Install the Snyk CLI

The Snyk CLI can be installed across all major operating systems using several different methods, depending on your existing toolset:

Package managers: Use tools like npm, Homebrew, or Scoop for a quick installation.
Docker: Run Snyk in a container for a consistent scanning environment.
GitHub Actions and CI/CD: Use pre-built integrations to automate scanning within your deployment pipelines.
Direct binary download: Download a standalone executable for Windows, MacOS, or Linux.

After you install the CLI, authenticate your Snyk account to start scanning your Snyk Projects. For more information, visit Authenticate to use the CLI.

The Snyk CLI does not natively support Windows Subsystem for Linux (WSL). You can install and use the CLI in a WSL environment, but Snyk does not guarantee compatability. Consequently, Snyk integrations that rely on the CLI, such as IDE extensions and CI/CD plugins, do not natively support WSL.

Common installation steps

Regardless of your choice of tool, there are common steps to ensuring your installation of the Snyk CLI is a success:

Install the Snyk CLI using your preferred method.
Verify the installed Snyk CLI version using snyk --version.
Authenticate the Snyk CLI to your account.

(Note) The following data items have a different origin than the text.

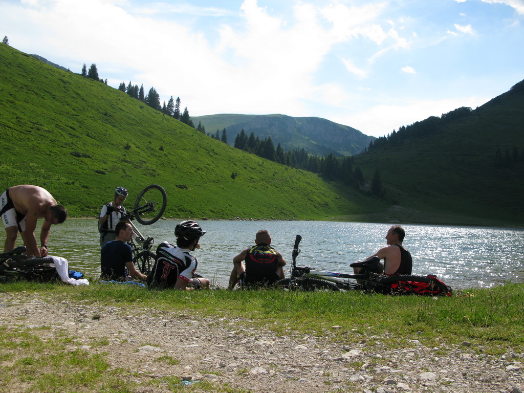 Pri jazere nebol nikto a tak nosiť plavky by bolo zbytočné... Na záverečný úsek cesty sme sa rozdelili na dve skupiny. Jedna viac videla, druhá si dala krajší zjazd.
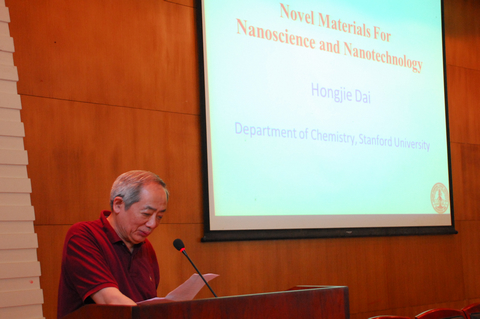 应化学生物传感与计量学国家重点实验室邀请,2012年7月3日上午,斯坦福(Stanford)大学化学系终生教授,J.G.Jackson & C.J.Wood荣誉教授,美国科学与艺术学院院士戴宏杰博士在学院D区报告厅做了名为《Nanomaterials for Nanoscience and Nanotechnology》的学术报告。此次讲学是国家重点实验室“化学生物前沿论坛”系列讲座的第七讲,俞汝勤院士主持。
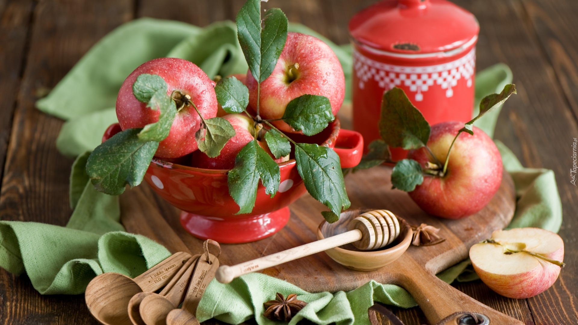 Edytor tapety: Jabłka w naczyniu i na desce obok łyżki
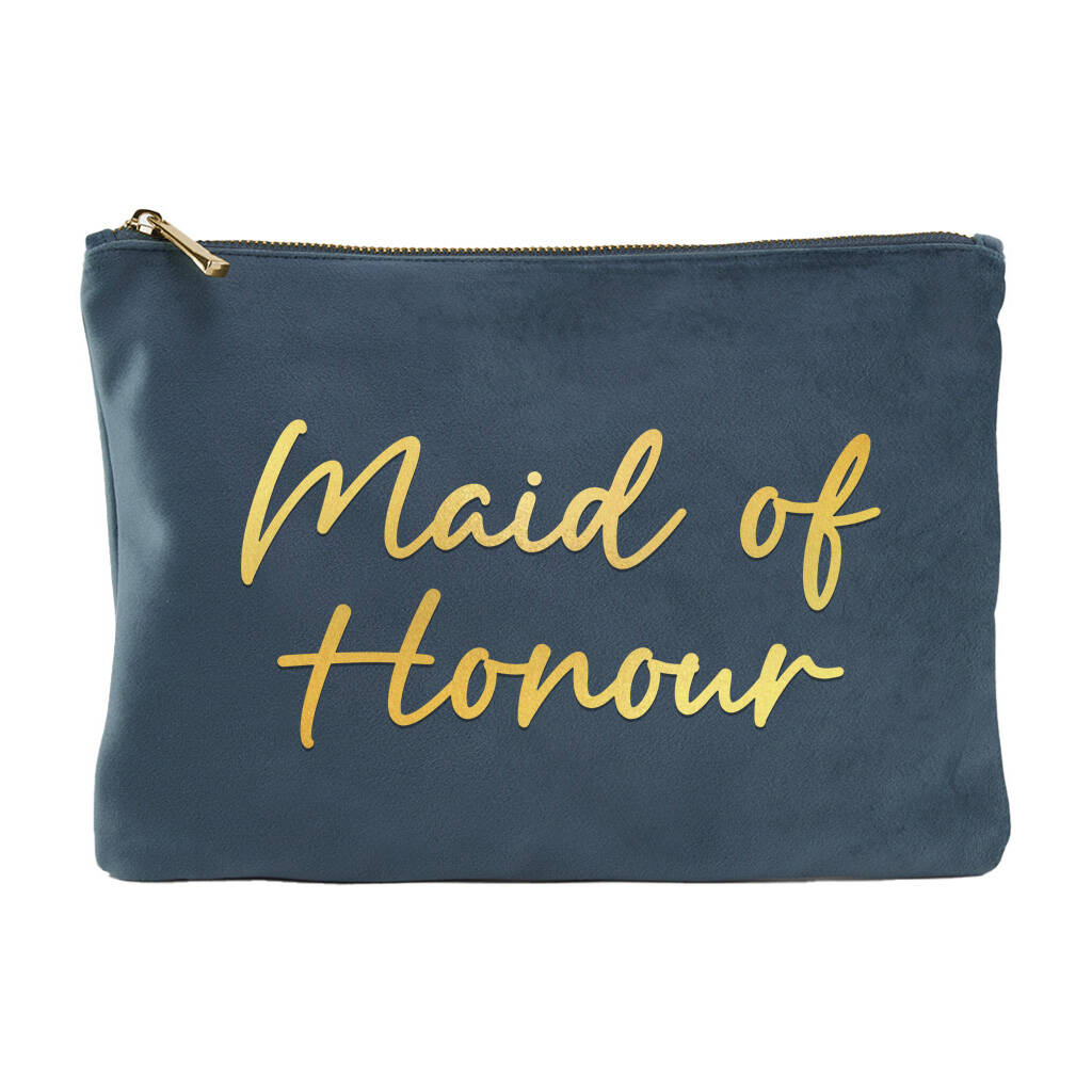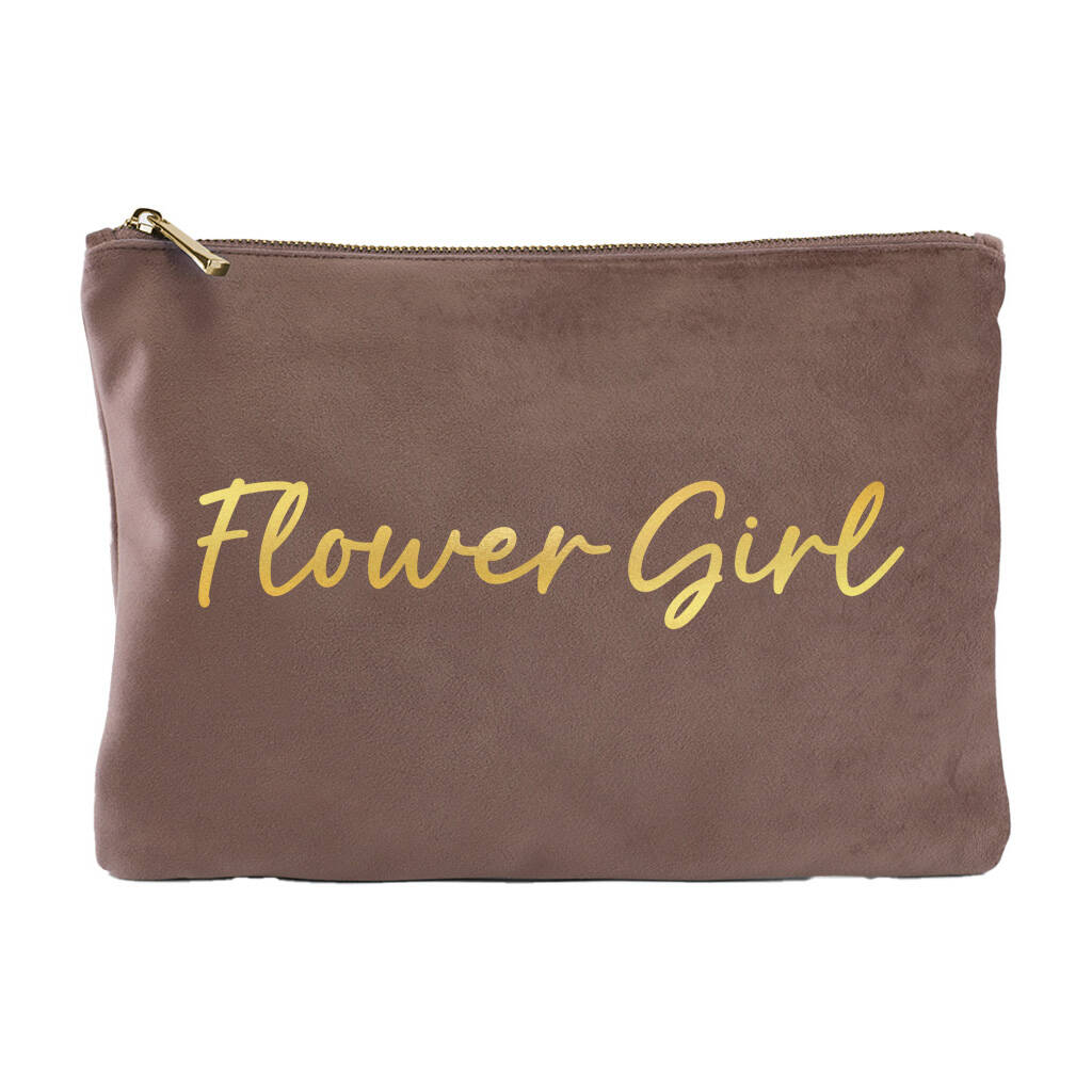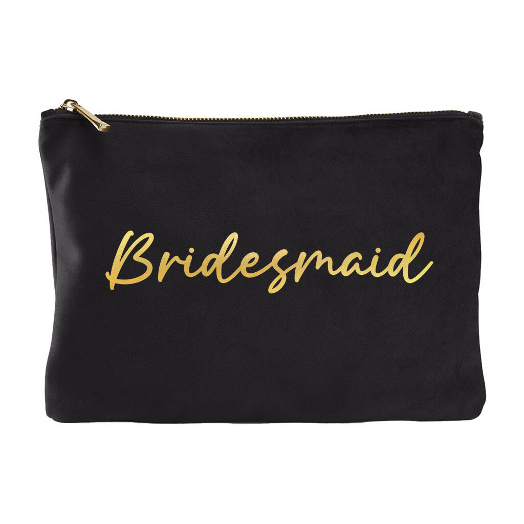 Each luxurious pouch is ideal for organising makeup, jewellery, or keepsakes. Available with chic gold script for the Bride, Bridesmaid, Maid of Honour, Flower Girl, Mother of the Bride, and Mother of the Groom.

To learn how to upgrade the Snyk CLI for your chosen tool, visit Upgrade the Snyk CLI.

To use CLI releases before version 1.1230.0 on an Apple M1 or M2 machine (darwin/arm64), visit Using CLI releases before version 1.1230.0 on an Apple M1 or M2 machine.

Installation methods

Package managers

Install with Homebrew (MacOS and Linux)

For Apple M1 or M2 (darwin/arm64), visit Using CLI releases before version 1.1230.0 on an Apple M1 or M2 machine.

Install and verify Homebrew using any method specified in their documentation. Visit Install Homebrew for more information.
Install Homebrew Tap for Snyk. The tap is updated daily with the latest Snyk CLI release.
```
brew tap snyk/tap
```
Install the Snyk CLI for Homebrew:
```
brew install snyk
```
Verify that the installation has succeeded:
```
brew list snyk
```
Authenticate. For more details, visit Authenticate locally.

Install with npm

Ensure you have permission to install global npm packages and network access to the npm registry to have a successful installation.

For Snyk CLI version 1.853.0 or later, install the latest version of npm on your machine using Node.js version 12 or later and npm version 7 or later.
Install the npm package:
```
npm install snyk -g
```
Authenticate. For more details, visit Authenticate locally.

Install with Yarn

Install with Yarn by running the command:
```
yarn global add snyk
```
Authenticate. For more details, visit Authenticate locally.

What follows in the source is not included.